Problem to work on. Retype, exactly and with nothing added, the lines from the one showing "天际ME5发布的OTA2.0" through the final line of the material. Omit pictures.

Supplied data.

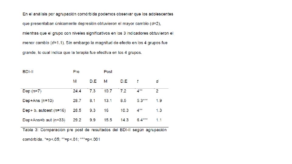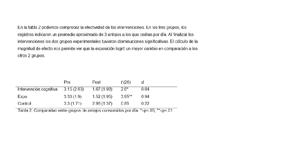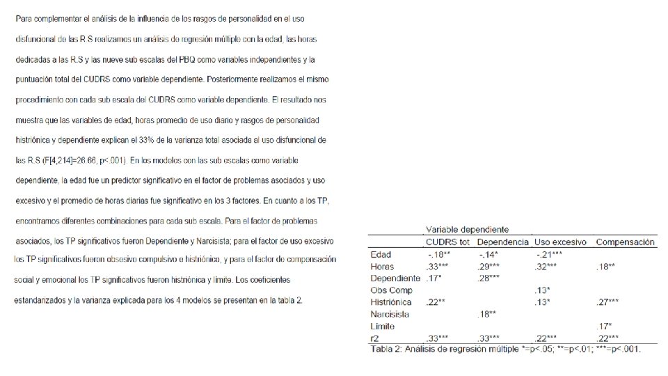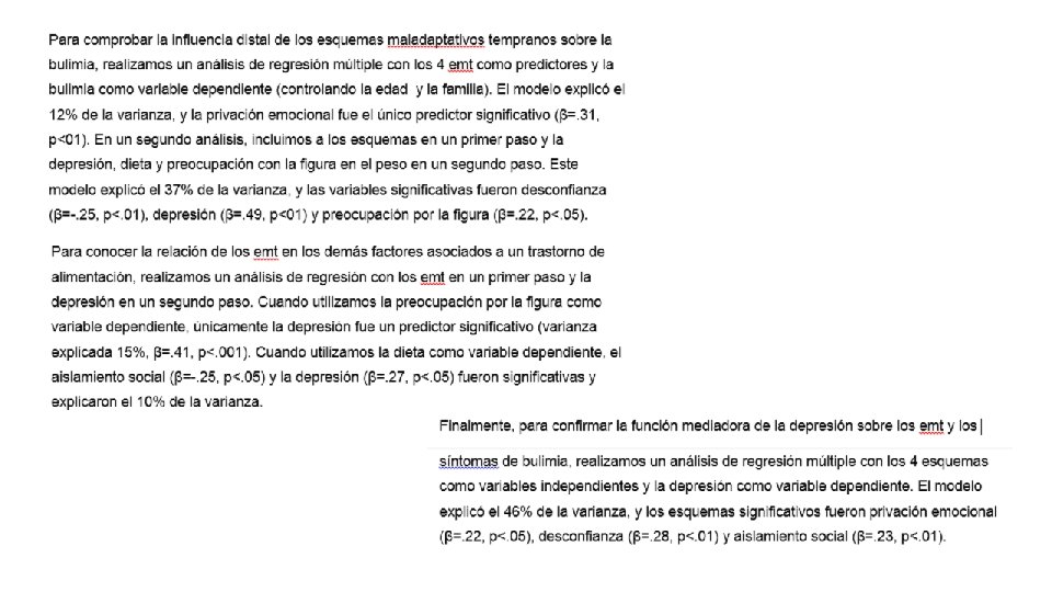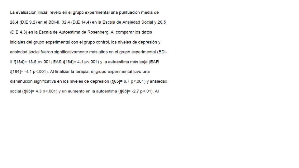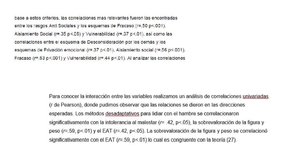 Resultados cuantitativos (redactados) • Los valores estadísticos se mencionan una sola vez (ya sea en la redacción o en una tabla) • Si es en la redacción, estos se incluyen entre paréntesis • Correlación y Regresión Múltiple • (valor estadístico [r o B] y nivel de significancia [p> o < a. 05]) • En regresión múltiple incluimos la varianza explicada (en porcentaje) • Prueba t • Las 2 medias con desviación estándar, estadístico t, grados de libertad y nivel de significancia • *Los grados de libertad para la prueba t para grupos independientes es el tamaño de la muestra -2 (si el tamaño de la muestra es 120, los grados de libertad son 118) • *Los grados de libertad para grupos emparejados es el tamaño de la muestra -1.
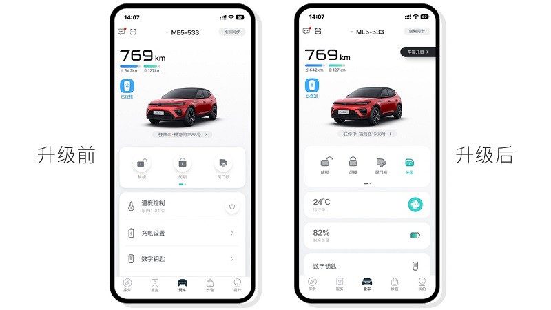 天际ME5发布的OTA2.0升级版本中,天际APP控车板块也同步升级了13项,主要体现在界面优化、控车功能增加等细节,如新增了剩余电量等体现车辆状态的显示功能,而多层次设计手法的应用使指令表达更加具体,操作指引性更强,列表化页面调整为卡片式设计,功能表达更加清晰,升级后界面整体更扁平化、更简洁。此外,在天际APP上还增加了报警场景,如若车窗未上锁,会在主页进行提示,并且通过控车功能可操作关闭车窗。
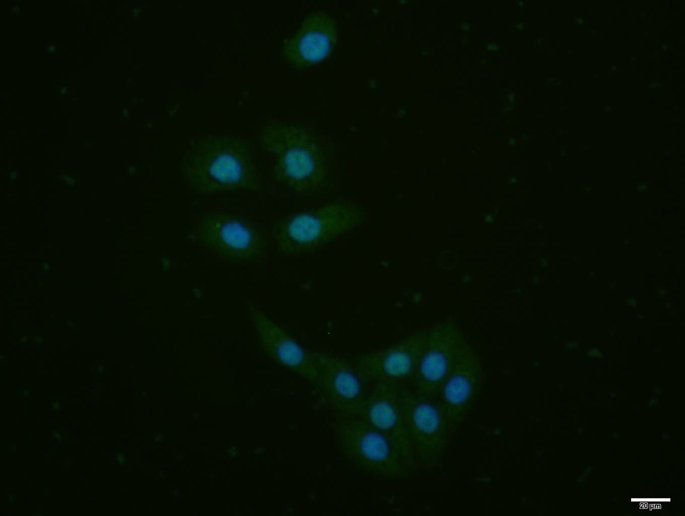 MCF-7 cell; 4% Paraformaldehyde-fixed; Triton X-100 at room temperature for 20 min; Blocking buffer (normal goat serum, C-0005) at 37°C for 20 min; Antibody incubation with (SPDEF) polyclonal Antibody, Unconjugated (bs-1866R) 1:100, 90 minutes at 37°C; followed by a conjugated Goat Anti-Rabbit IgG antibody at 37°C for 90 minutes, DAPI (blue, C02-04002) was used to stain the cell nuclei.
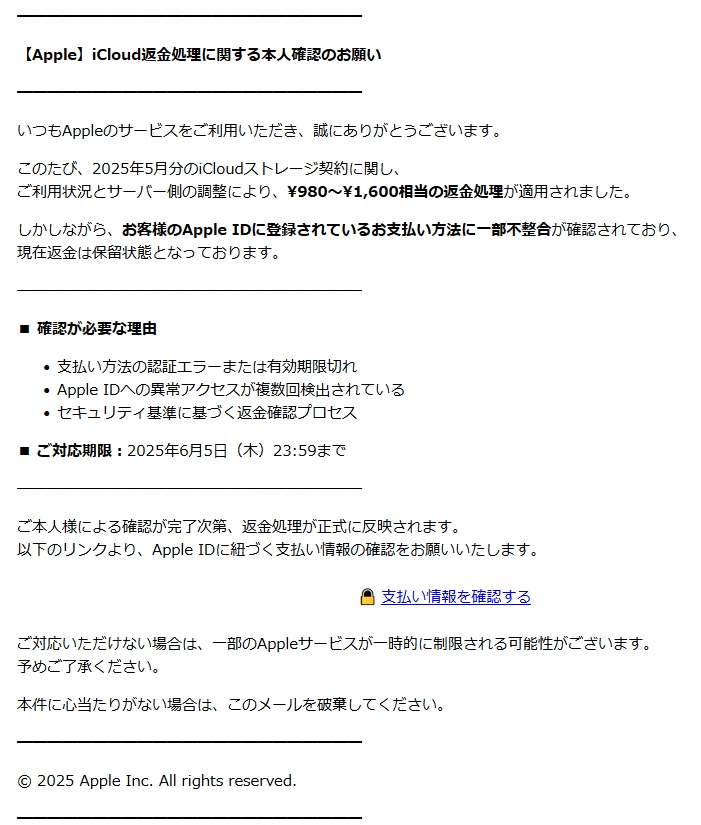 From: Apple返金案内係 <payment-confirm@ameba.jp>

Response for this exercise.
 天际ME5发布的OTA2.0升级版本中,天际APP控车板块也同步升级了13项,主要体现在界面优化、控车功能增加等细节,如新增了剩余电量等体现车辆状态的显示功能,而多层次设计手法的应用使指令表达更加具体,操作指引性更强,列表化页面调整为卡片式设计,功能表达更加清晰,升级后界面整体更扁平化、更简洁。此外,在天际APP上还增加了报警场景,如若车窗未上锁,会在主页进行提示,并且通过控车功能可操作关闭车窗。
 MCF-7 cell; 4% Paraformaldehyde-fixed; Triton X-100 at room temperature for 20 min; Blocking buffer (normal goat serum, C-0005) at 37°C for 20 min; Antibody incubation with (SPDEF) polyclonal Antibody, Unconjugated (bs-1866R) 1:100, 90 minutes at 37°C; followed by a conjugated Goat Anti-Rabbit IgG antibody at 37°C for 90 minutes, DAPI (blue, C02-04002) was used to stain the cell nuclei.
 From: Apple返金案内係 <payment-confirm@ameba.jp>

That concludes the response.